Question

Capital Structure, WACC, and Firm Investment Suppose a firm can borrow money to finance projects from...

Capital Structure, WACC, and Firm Investment Suppose a firm can borrow money to finance projects from a bank at a marginal, pre- tax rate of 4.0%. Suppose the firm’s stock currently has a beta of 1.2, the market risk premium is 6% and the risk-free rate is 4.0%. The firm is currently financed with 40% debt and faces a 30% marginal tax rate. The firm is considering an average-risk project with the following free cash flows: Year 0 1 2 3 4 FCF -216,000 100,000 75,000 50,000 25,000 a. Compute the firm’s WACC. b. Compute the project’s NPV and IRR. c. Should the firm invest in the project? Why or why not? Now, assume that the CFO has determined that, when financing the project, the firm will also recapitalize so that the firm would be financed with 50% debt. d. Compute the firm’s unlevered beta. e. Compute the firm’s WACC after re-capitalizing. f. Re-calculate the project’s NPV. g. Has the firm changed its view of whether to accept the project? Explain why or why not.

Homework Answers

Answer #1

WACC= Kd*(Wd) + Ke*(We)

Kd= 4%*(1-.3)

= 2.8%

Ke= 4% + 1.2*(6%)

=11.2%

a) WACC= 2.8%*(0.4) + 11.2%*(0.6) = 7.84%

b)

Year Cash flow
0 -216000
1 100000
2 75000
3 50000
4 25000
WACC 7.84%
NPV -425.1
IRR 7.73%

c) We should reject the project as we are getting a negative net present value.
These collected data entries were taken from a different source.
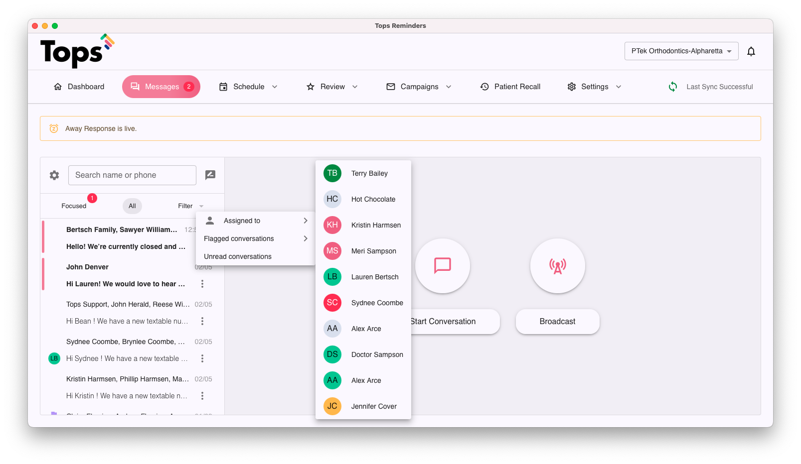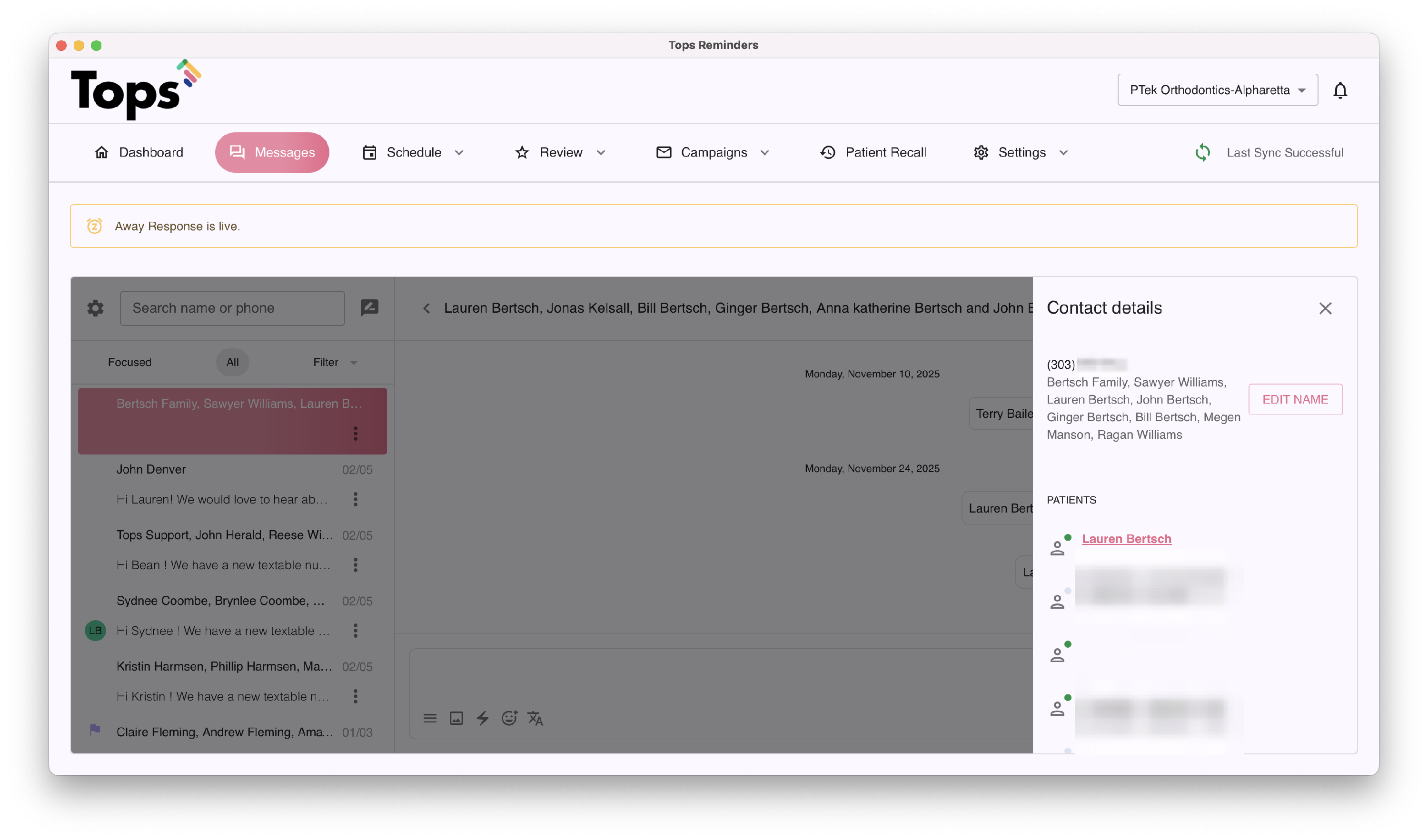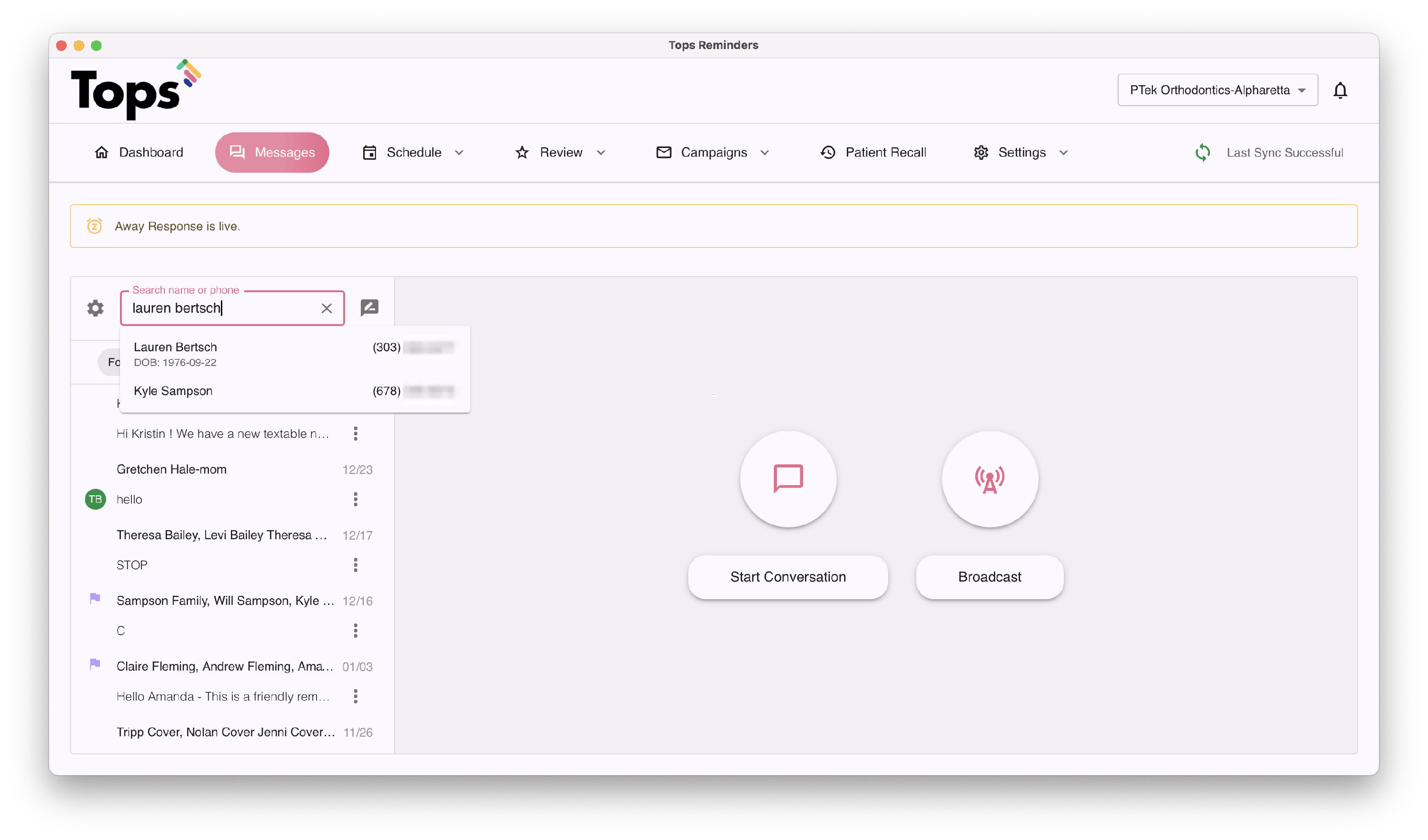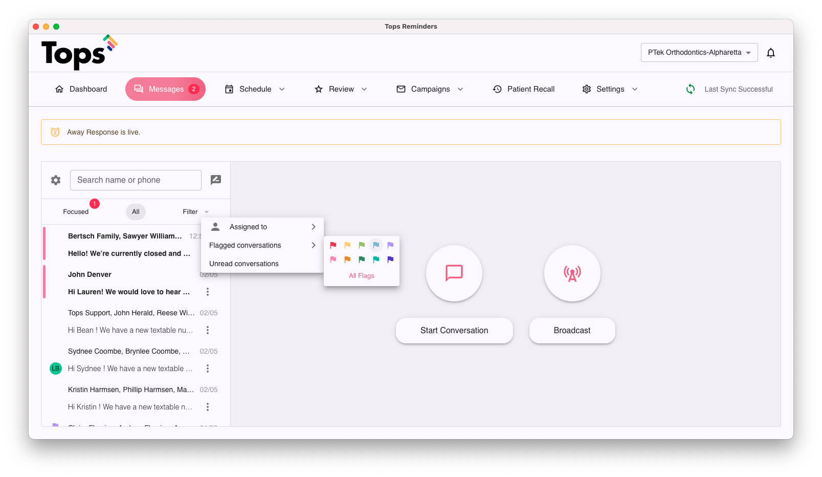 Message management is key when the Focus Inbox has been enabled. Once a patient or team member interacts using the texting feature, the patient will appear and remain in the Focused inbox until the text thread has been deleted. Once you delete the thread, the patient is removed from the Focused inbox. Their contact information can still be searched along with their history of automated messages.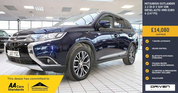 Skip to contentSkip to footerWith 139 used 2017 Diesel Mitsubishi Outlander SUV cars available on Auto Trader, we have the largest range of cars for sale available across the UK.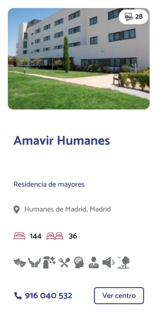 Entre las residencias de mayores en Leganés, Amavir ofrece un enfoque centrado en el bienestar emocional y físico, con terapias individuales, actividades socioculturales y apoyo familiar continuo. Cuenta con habitaciones dobles e individuales, zonas comunes adaptadas y un equipo interdisciplinar con amplia experiencia.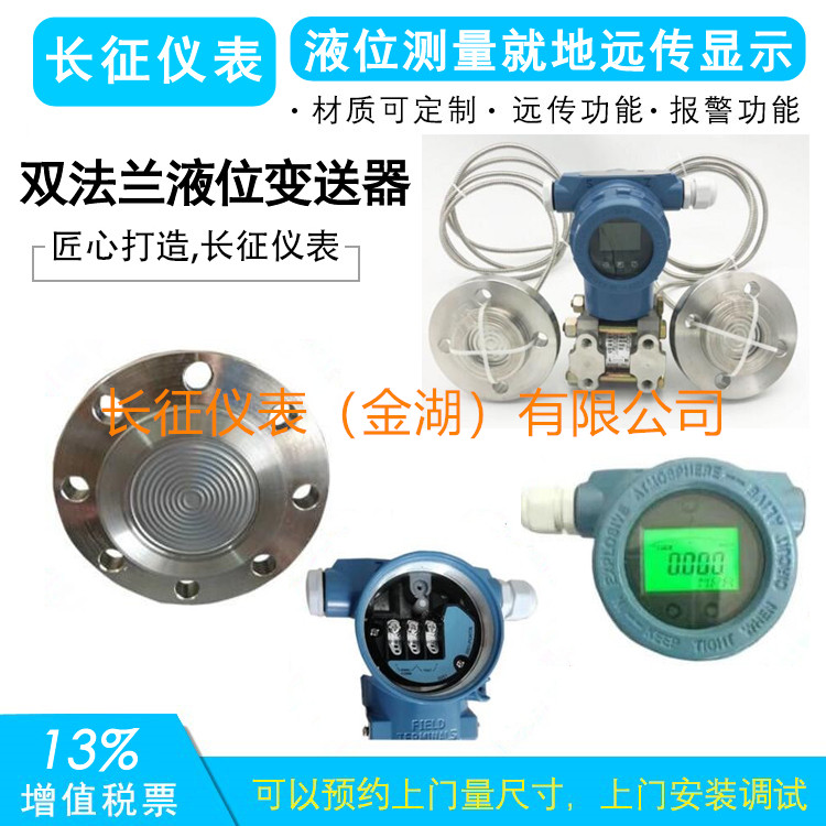 雙法蘭液位變送器是測量變送器兩端壓力之差的變送器,輸出標準信號(如 4~20mA、1~5V)。差壓變送器與一般的壓力變送器不同的是它們均有2個壓力接口, 差壓變送器一般分為正壓端和負壓端,一般情況下, 差壓變送器正壓端的壓力應大于負壓段壓力才能測量。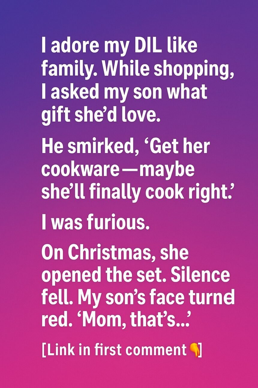 “Maybe get her some cookware—then she’ll finally cook the way I like.” His tone was playful, but I could tell it wasn’t a kind comment. My heart sank, and I felt a wave of disappointment.I didn’t want Emily to feel unappreciated or criticized, so instead of following my son’s suggestion, I decided to surprise her with something meaningful. I bought a beautiful cookware set but added a heartfelt note that read:“For the incredible meals you already make, and the love you pour into everything you do.
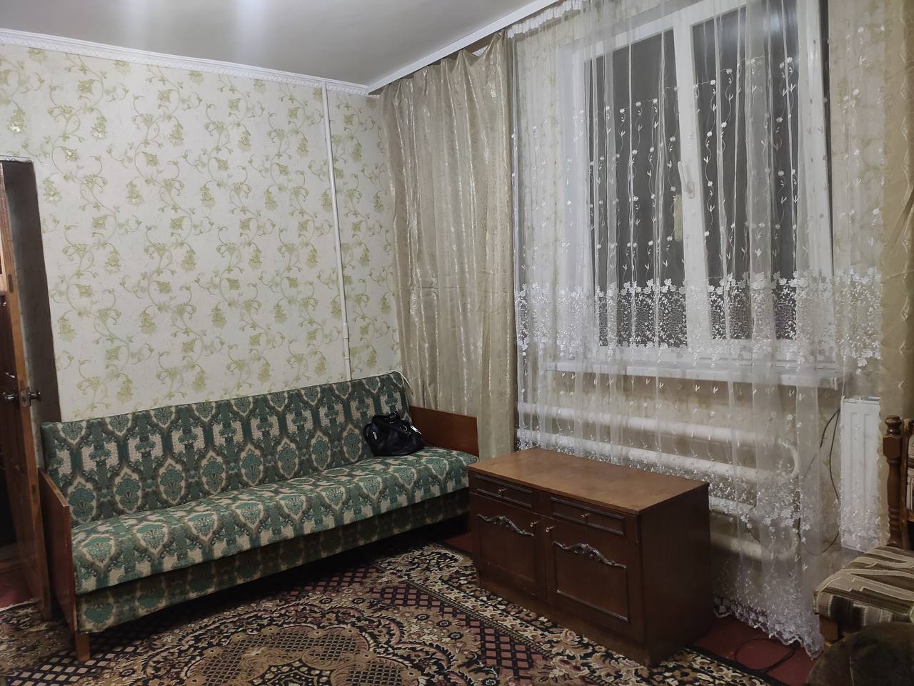 Перепланований гуртожиток, без балкона, власна ванна в кінці загального коридора. Є всі необхідні меблі і техніка.

d) Unlevered Beta = Equity Beta / [ 1 + ((1-t)*(D/E))]

= 1.2 / [1 + (0.7*1)]

= 0.70588

e) WACC = 2.8%*(0.5) + 11.2%*(0.5) = 7%

f)

Year Cash flow
0 -216000
1 100000
2 75000
3 50000
4 25000
WACC 7.00%
NPV 2853.1
IRR

7.73%

g) We will accept the project as WACC has decreased and NPV is positive.